JD: And there’s only one person who’s there, God.
TK: So the logical thing, seemingly to us, would be tell the story that way because it’s repetitive. If I’m always saying Jason did this, Jason did that. Jason did this, somebody’s going to stop me and say.
JD: Right, in the rest of the Bible, when stories are told, once a subject is given, it’s very common to just use those pronouns as the subject until a new character comes in, and then you need to be clear who’s doing the talking, who’s doing the acting.
TK: So what’s your point in saying why would Moses—how many times did you say it happens here?
JD: Thirty-five times.
TK: With no pronouns.
JD: With no pronouns. It mentions God’s name thirty-five times, and that’s a multiple of seven, and I think that’s intentional. Seven days, seven evenings and mornings, and thirty-five times God’s name is mentioned. This title, God, God, God did. And and we come in as this reader wanting to find ourselves, and as soon as we do in day six, the spotlight moves off of us because we’re the image of God.
TK: So even when I want to be the subject, I’m not the subject.
JD: It all of a sudden turns the spotlight off of us and puts it on him. And this was the central issue for Israel. They needed to realize that this is a world not about them, but about God. That this is about his priorities, his values, his desires, his delights. And not only that, we are imagers of him. We are supposed to reflect and resemble and represent him. That’s what humanity is about. It’s only on day six that we hear very good. Now that the imagers who are supposed to rule over God’s creation and represent God to the world, and indeed fill the whole earth with his glory. That’s what humanity was called to do. And this becomes a reshaping of Israel’s worldview. They’ve been wondering, how do I live and not die? And I think Moses is giving them clarity, and it speaks all the way to our day today. This is so practical.

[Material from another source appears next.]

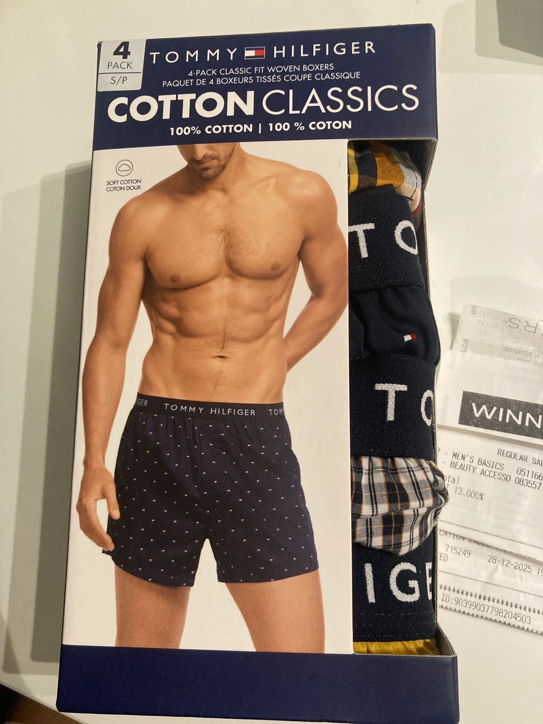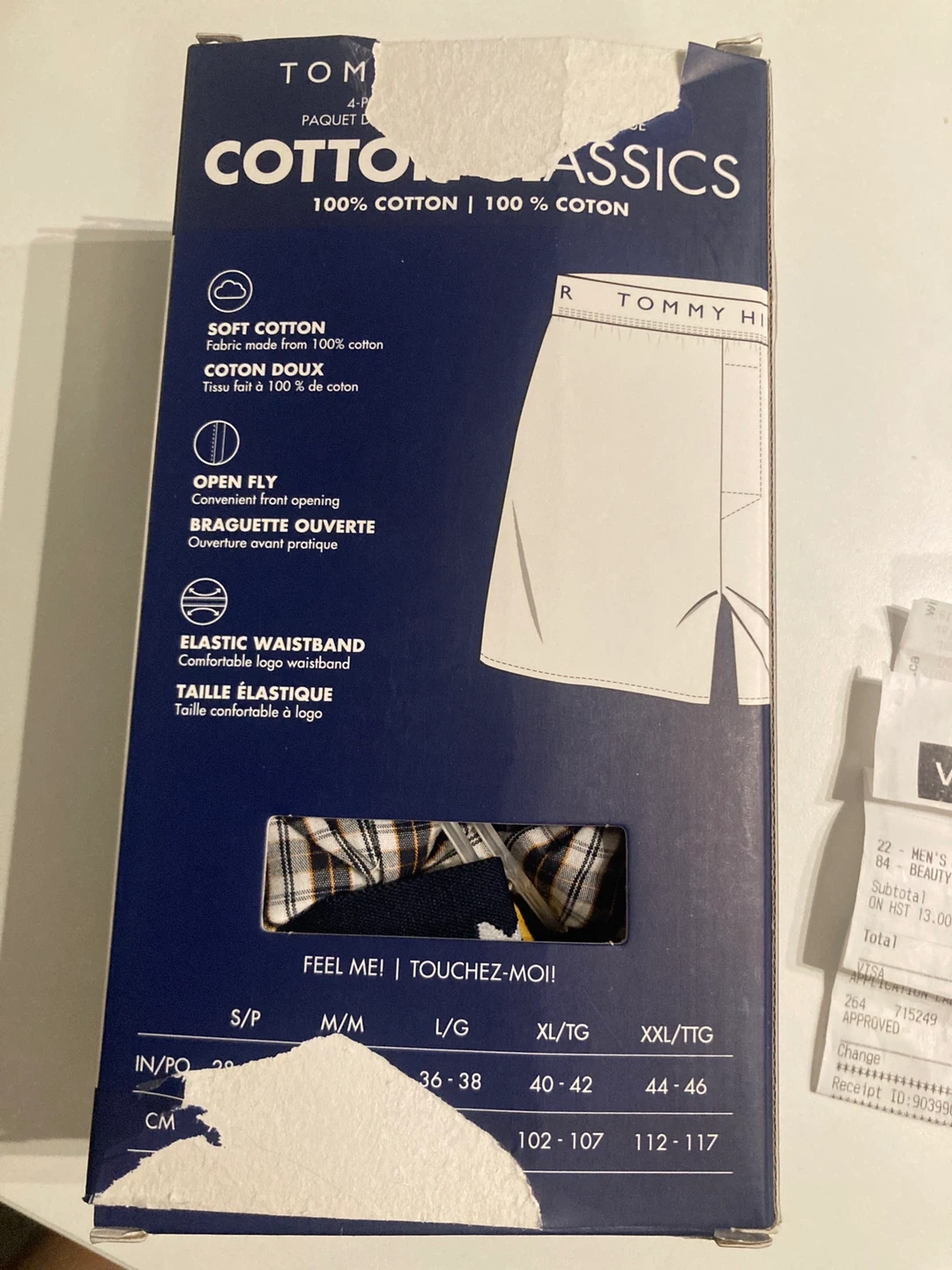 Unfortunately we opened the box out of excitement, and it’s torn. The boxers themselves have not been put on! (Check the receipt in the last pic. It CANNOT be refunded b/c it’s underwear.)

TK: So how does this? Reshape my worldview.
JD: Oh, to live with God at the center. To try to help—for me as a dad, I want my kids to, when we’re out in the canoe or out in our kayaks in the Boundary Waters of northern Minnesota, delighting in the beauty, I want them to remember God. When we enjoy a hot fudge Sunday or hot dogs, or marshmallows around the fire, I want them to remember God. When we celebrate a wedding, I want them to remember God. But not only that, in the midst of suffering. Like Grandpa is getting sicker and sicker. I want my kids to remember God. When the trials come and the tears flow, we are to remember God. When it comes to battling sin, which remember what God hates and what God loves. This is as practical for us as it was for Israel of old.

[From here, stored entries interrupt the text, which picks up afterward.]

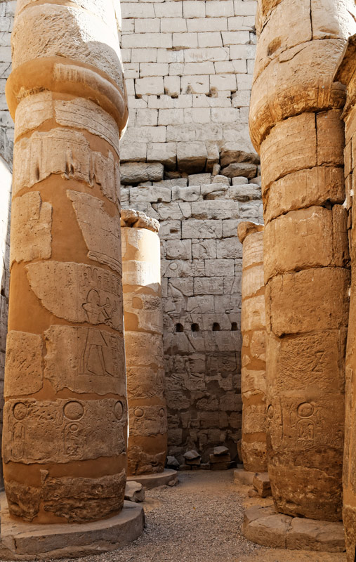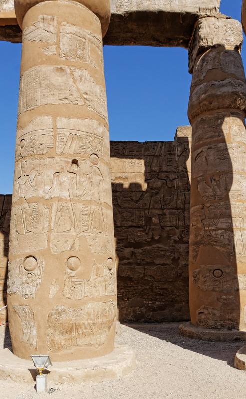 Les dernières colonnes de cette colonnade aboutissent au pylône. Les 2 colonnes à droite sont prises dans le mur de la chapelle de Mout. Dans le fond, une scène d'offrandes sur le pylône.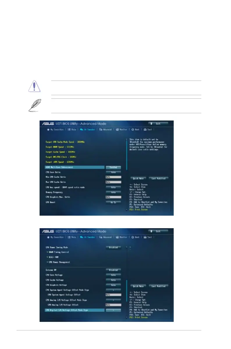 Be cautious when changing the settings of the Ai Tweaker menu items. Incorrect eld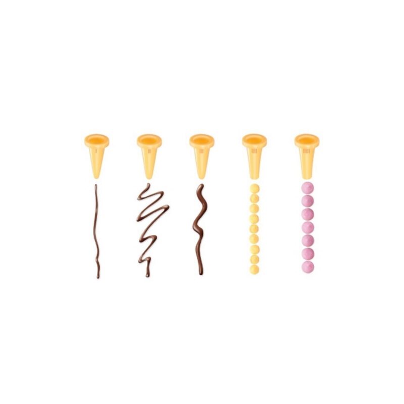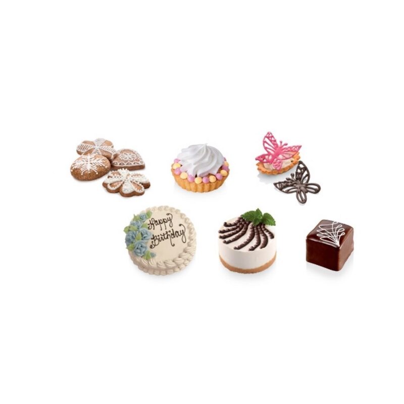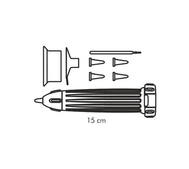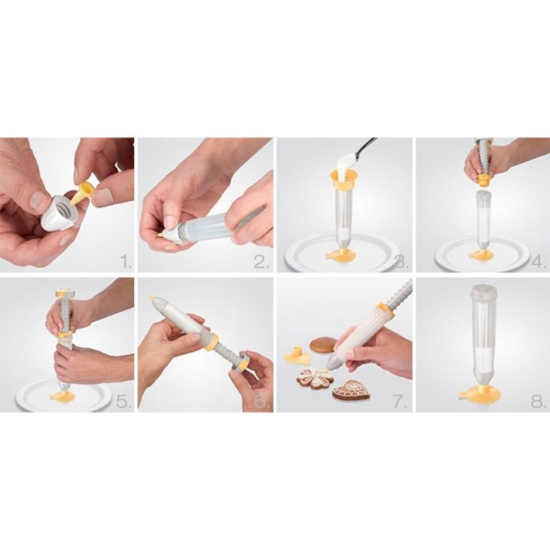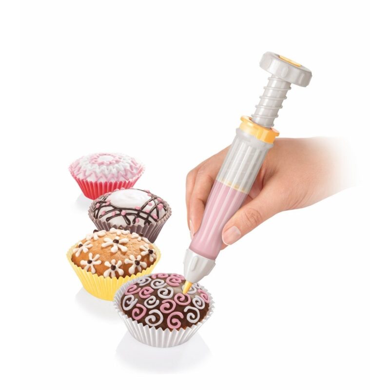 Vynikajúca pre dekorovanie pokrmov bielkovým, maslovým, tvarohovým a čokoládovým zdobiacim krémom, rozpustenou čokoládou aj šľahačkou a pod. Dodávané s 5 tryskami pre rôzne dekorovacie techniky vrátane veľmi jemných dekorov a písania. S praktickým stojanom pre ľahké plnenie a odkladanie ceruzky počas zdobenia a univerzálnym čistidlom. Vyrobené z prvotriedneho silikónu a odolného plastu, vhodné do umývačky riadu.

And that’s why it’s at the front part of our Bible. Why is it that the story is captured the way it is? It tells us so many things about the structure of God, about the order of God, about the the strength of God. But at the center of it all is God exalted over all things, and our responsibility to display him. And this is foundational for all that we are as believers and what humans were called to do. It’s what Jesus did for us. He is indeed in the very form of God, the exact imprint of his nature. He is the image of the invisible God. That is, he’s the ultimate human who does what Adam was supposed to do for us. And, therefore, we can rest and celebrate in a Christ who represents God on our behalf, and ultimately is increasingly making us now into his image. All of this would be part of my preaching, but trying to show how it grows right out of the biblical text itself, out of the priorities Moses gives us in the text itself.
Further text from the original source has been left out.